United States
Securities and Exchange Commission
Washington, D.C. 20549
                                                                           

FORM 8-K

CURRENT REPORT

Pursuant to Section 13 OR 15(d) of the
Securities Exchange Act of 1934

                             July 6, 2005                        
Date of Report (Date of earliest event reported)

 

Overseas Shipholding Group, Inc.
(Exact Name of Registrant as Specified in Charter)

              1-6479-1              
Commission File Number

                             Delaware                               
         (State or other jurisdiction of incorporation)

                   13-2637623            
(I.R.S. Employer Identification Number)   

 

511 Fifth Avenue
                     New York, New York 10017                      

(Address of Principal Executive Offices) (Zip Code)

 

Registrant's telephone number, including area code (212) 953-4100

Check the appropriate box below if the Form 8-K filing is intended to simultaneously satisfy the filing obligation of the registrant under any of the following provisions:

[ ] Written communications pursuant to Rule 425 under the Securities Act (17 CFR 230.425)
[ ] Soliciting material pursuant to Rule 14a-12 under the Exchange Act (17 CFR 240.14a-12)
[ ] Pre-commencement communications pursuant to Rule 14d-2(b) under the Exchange Act (17 CFR 240.14d-2(b))
[ ] Pre-commencement communications pursuant to Rule 13e-4(c) under the Exchange Act (17 CFR 240.13e-4(c))

 

 

 

 

 

Item 1.01     Entry into a Material Definitive Agreement.

                     On July 6, 2005, Overseas Shipholding Group, Inc. (the "Registrant") and Mats Berglund signed an agreement dated June 29, 2005 (the "Agreement") pursuant to which the Registrant will employ Mr.
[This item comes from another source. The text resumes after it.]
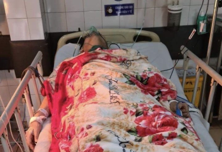 Em P. đang được điều trị tại bệnh viện. (Ảnh: Lê Gia)

Berglund as its Senior Vice President and Head of its Crude Transportation Business, effective on a date to be agreed between the Registrant and Mr. Berglund (the "Start Date") but no later than January 1, 2006. Under the Agreement, the Registrant will pay Mr. Berglund a base salary at the rate of $550,000 per year. Mr. Berglund will participate to the extent eligible in the benefit plans and programs generally applicable to senior executives of the Registrant, including but not limited to, bonus plans, supplemental retirement plans, and the Registrant's 401(k) plan. Mr. Berglund will be granted options on the Start Date to acquire such number of shares of common stock of the Registrant as will have an aggregate value (determined by the Registrant on a Black-Scholes valuation) of $250,000, vesting in three equal tranches on the first, second and third anniversaries of the Start Date, provided he is employed by the Registrant on each such date. In addition, Mr. Berglund will be awarded on the Start Date such number of shares of the Registrant's restricted stock as will have an aggregate value of $250,000, based on the common stock's fair market value on the Start Date. Restrictions on one-fourth of the shares will lapse on each of the next four anniversaries of the Start Date, provided Mr. Berglund is employed by the Registrant on each such date. Upon presentation of appropriate documentation, the Registrant will reimburse Mr. Berglund for the reasonable costs of moving to the United States in an amount not to exceed $75,000.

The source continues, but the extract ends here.